On 10/8/2010 3:18 AM, Felipe Contreras wrote:
On Thu, Oct 7, 2010 at 10:16 PM, Omar Ramirez Luna<omar.ramirez@xxxxxx> wrote:
On 10/7/2010 1:22 PM, Felipe Contreras wrote:
...
Note that the "shared memory" described in the document you share has
nothing to do with the SHM pool. AFAIK that memory is used for other
things, like MMU PTEs, and storing the base image and socket-nodes,
thus it needs to be contiguous.
hmmm, no. it is the same memory. i.e.: we propagate the current opp through
the shared memory so the dsp can read it if it went to sleep, with the
proper offset you can read that variable starting from the mempool base
address.
The document mentions "shared memory" for buffer passing, normal
memory is used for that, scattered, even user-space memory, not the
SHM contiguous area.
"streaming" (meaning dsp stream) buffers are passed through the SHM
(check page 9). The regular "big" buffers are passed through old DMM
(page 14) which is exactly as you describe it; but that SHM portion is
referring to stream buffers.
I don't see any problem flushing the SHM area when needed, which
probably has performance implications when mmaping/unmapping buffers,
at which point you need to flush bigger memory areas anyway, so that's
not an issue.
well, you would have to flush when loading the base image, or allocating a
socket node, but also minor flushes for opp propagation, SHM messages to
DSP, chnl params, those are the ones I can quickly think of.

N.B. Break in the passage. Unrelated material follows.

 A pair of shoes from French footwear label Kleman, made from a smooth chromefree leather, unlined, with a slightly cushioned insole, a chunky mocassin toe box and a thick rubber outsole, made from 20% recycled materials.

All those happen when you send buffers to the DSP, and when you do
that you need to flush the buffer memory area, which is a much heavier
operation. Except maybe the opp propagation, but that would require at
most one page to be flushed, not a big deal I think, besides, it would
be better if that specific area is handled differently than the rest
of the SHM, so that we can allocate it with dma_alloc_coherent().
Yes, on top of the regular buffer flush, you need to flush the specific
parts of the shared memory that the dsp is going to read, meaning: you
send a buffer to the dsp, then send the MBX interrupt, to let it know
there is a SHM message, DSP is going to read that SHM message from the
SHM memory.
You also need to invalidate if the dsp is going to write, so the next
time you read there is no mismatch in the data, meaning: DSP sends a SHM
message to slot 1, but you already read slot 1 from a previous
transaction so contents might be still in cache, so you need to
invalidate that memory and read again the new SHM message.

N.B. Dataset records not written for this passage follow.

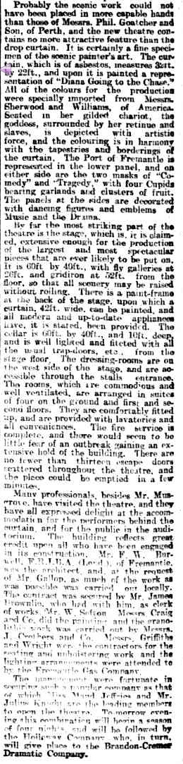 Probably the scenic work could not have been placed in more capable hands than those of Messrs. Phil. Goatcher and Son, of Perth, and the new theatre contains no more attractive feature than the drop curtain. It is certainly a fine specimen of the scenic painter's art. The curtain which is of asbestos, measures 32ft. by 22ft., and on it is painted a representation of "Diana Going to the Chase."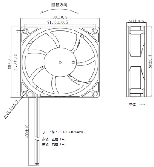 単位:mmリード線:UL1007#24AWG赤線:正極(+)取付方法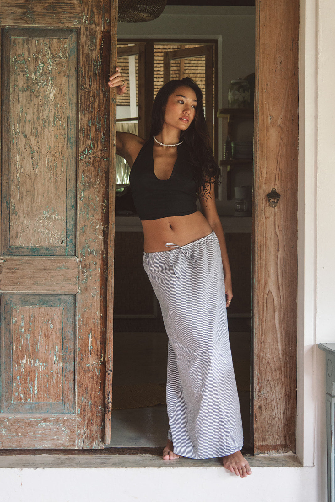 Step into the easy elegance of the Zoe Drawstring Skirt, the perfect pendant to our tribe favorite Alo. Crafted from premium organic cotton, this flowing skirt features a refined black and white fine pinstripe, evoking timeless sophistication with a carefree spirit.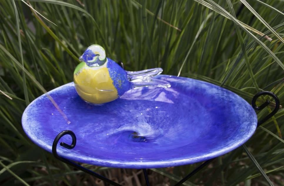 In elke tuin zal deze blauw-kleurige glazen vogeldrinkschaal op tuinsteker een leuk plekje kunnen krijgen.
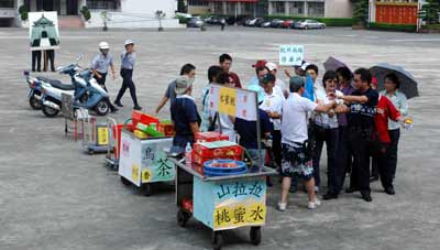 上午模擬演練的狀況,首先是風(fēng)景區(qū)“鏢客”和大陸客買賣發(fā)生糾紛,警察據(jù)報到場依違反社會秩序維護法將攤販帶回偵辦;另一個狀況則是大陸觀光團在“中正紀(jì)念堂”遇上激進團體散發(fā)文宣,沖突一觸即發(fā),轄區(qū)警局緊急趕到現(xiàn)場布署,利用人墻隔開,讓大陸客安全搭上游覽車,同時驅(qū)離鬧事群眾化解危機,示范內(nèi)容生動、逼真。
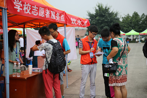 从校大门到报到广场,指示路牌简明醒目;学长学姐们原创的迎新招贴营造出喜庆、温馨的氛围;120多名志愿者在沿途13个服务点为新同学及家长提供各种帮助和服务,此时此刻,每个人心里有一个共同的声音:接过你的行囊,我们就是一家人!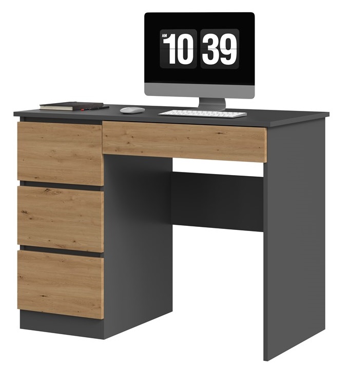 Meble zostały wykonane z płyty wiórowej laminowanej w kolorze antracyt/dąb artisan. Dzięki swojej klasycznej kolorystyce, będą pasowały do każdego wnętrza. Nowoczesny styl mebli wpadnie do gustu każdemu, kto poszukuje eleganckiego, klasycznego umeblowania. Orientacja biurka: lewa.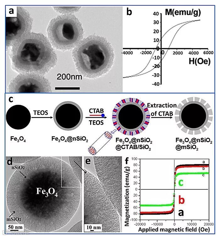 Figure 1. (a) TEM image and (b) the magnetic hysteresis loop of Fe3O4@nSiO2@mSiO2 obtained using C18TMS as both template and silica precursor. (c) The formation procedure and (d, e) TEM images of Fe3O4@nSiO2@mSiO2 Microspheres using CTAB as a template; (f) The magnetic hysteresis loops of (black) Fe3O4 particles, (red) Fe3O4@nSiO2, and (green) Fe3O4@nSiO2@mSiO2 microspheres. (Modified with permissions from American Chemical Society and Royal Society of Chemistry).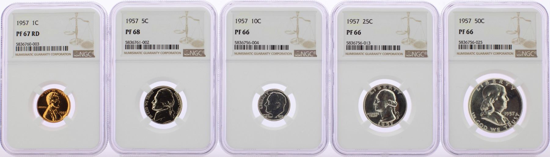One 1957 (5) Coin Proof Set NGC Graded PF66/PF67RD/PF68.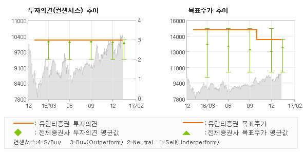 유안타증권 박진형 애널리스트가 동종목에 대하여 이번에 제시한 '매수(유지)'의견은 유안타증권의 직전 매매의견과 동일한 것이고 전년도말의 매매의견을 기준으로 볼때도 역시 '매수'의견이 계속 유지되고 있는 상태이다. 그리고 최근 분기내 발표된 전체 증권사 리포트의 컨센서스와 비교를 해볼 경우에 오늘 발표된 투자의견은 전체의견에 수렴하고 있어, 이번 의견은 시장의 평균적인 기대감이 객관적으로 표현된 것으로 분석되고 있다.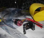 Капот у мессера тоже довольно быстро пришел в негодность, пришлось его срезать, тут -то и пригодился заранее сделаный капот из бутылки. (кстати, один еще где-то по закромам валяется). Перпендикелярно оси мотора приклеил к фюзеляжу 5-мм толщины пластину из пластика, с отверстиями пра проводов и четырьмя саморезами к ней прикрутил выгнутую из оцинкованной железной пластинки лавочку - подставки под мотор.подставку под мотор. Ширина пластинки примерно 25 мм. Подгибая лавочке нужную ногу на глаз делал небольшой выкос. Крепости у конструкции достаточно, чтобы держа самолет за вал мотора им можно было помахивать в воздухе. За год при неизбежных крашах пластина отрывалась, ножки у жестяной моторами подгибались от морковок, при этом все всегда восстанавливал на глазок, и самолет отлично, уверено летал и управлялся.

Now to know when to read/write you need to have 2 flags per operation,
one to know if you have new messages and other to know if you are
reading/writing any message (all in SHM), which are there right now for
this specific case; but if flushing the SHM, now you will need flags for
knowing if the first two have been already flushed... and then 2 for
these two... and so on. So in the end a better locking mechanism would
be needed for both ARM and DSP which is not based on memory which may or
may not have the latest contents (going the cacheable route).
As I have been saying, we can try this changes in the ARM tidspbridge
because we _freely_ see what is going on, but in the DSP we can't.